Member of the Virginia House of Delegates
- In office 1976–1981
- Preceded by: Andy Guest

Personal details
- Born: May 10, 1920 Capron, Virginia, US
- Died: October 6, 1984 (aged 64) Loudoun Memorial Hospital, Leesburg, Virginia, US
- Party: Democratic
- Education: Elon College
- Occupation: Politician, automotive dealer
- Service: United States Army Air Force
- War: World War II

= Earl E. Bell =

American politician (1920–1984)

Earl E. Bell (May 10, 1920 – October 6, 1984) was an American politician who served as a Democrat in the Virginia House of Delegates.

== Biography ==
Bell was born in Capron, Virginia on May 10, 1920, and was raised a Methodist in Portsmouth. He attended Elon College. During World War II, he served in the United States Army Air Forces. After the war, he worked as an automotive dealer.

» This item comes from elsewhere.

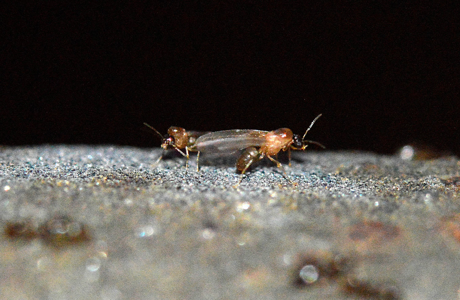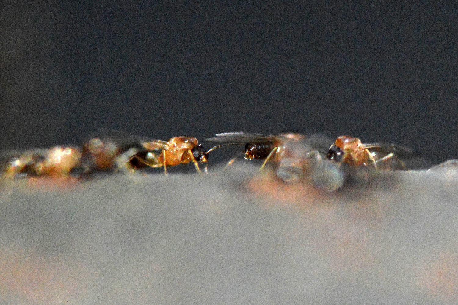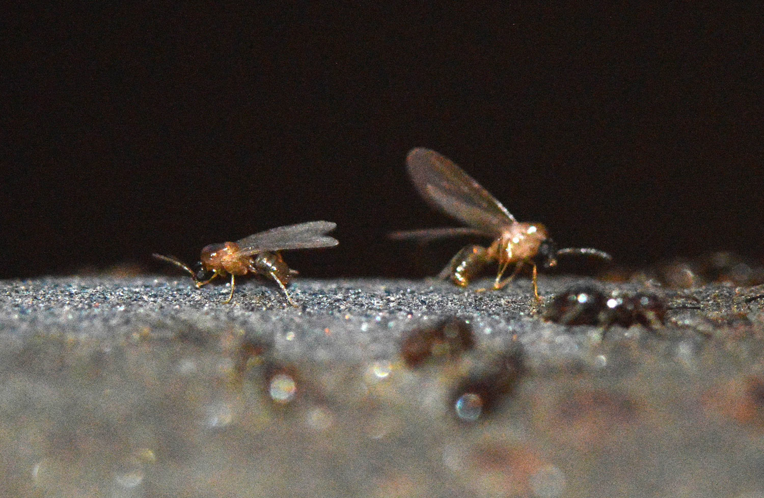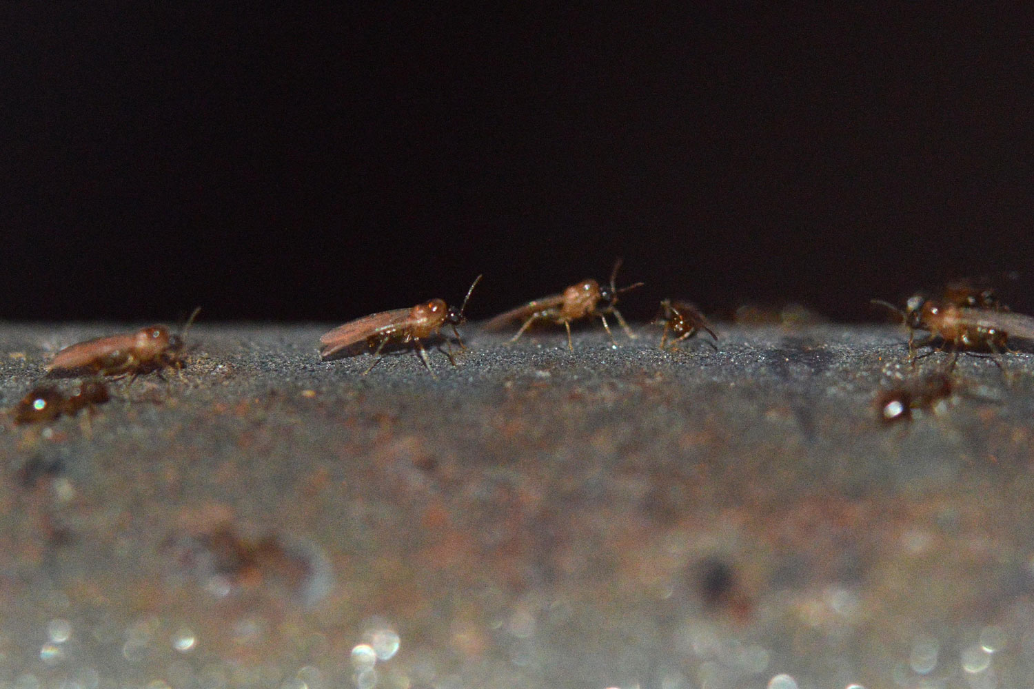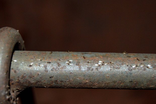 Fig 28. Hembras sin alas y obreras de Brachymyrmex patagonicus en la barandilla./ C. Pradera 06-2017

In 1976, Bell ran for the Virginia House of Delegates under the Virginia's 17th congressional district under Loudoun County. During a debate, Republican candidate Eileen Stout called him a "used car salesman from Loudoun County". Bell was elected to office, and continued to serve until 1981. He had a wife named Terry, and they had 4 sons together.

Bell died in the Loudoun Memorial Hospital in Leesburg on October 6, 1984, of congestive heart failure at the age of 64.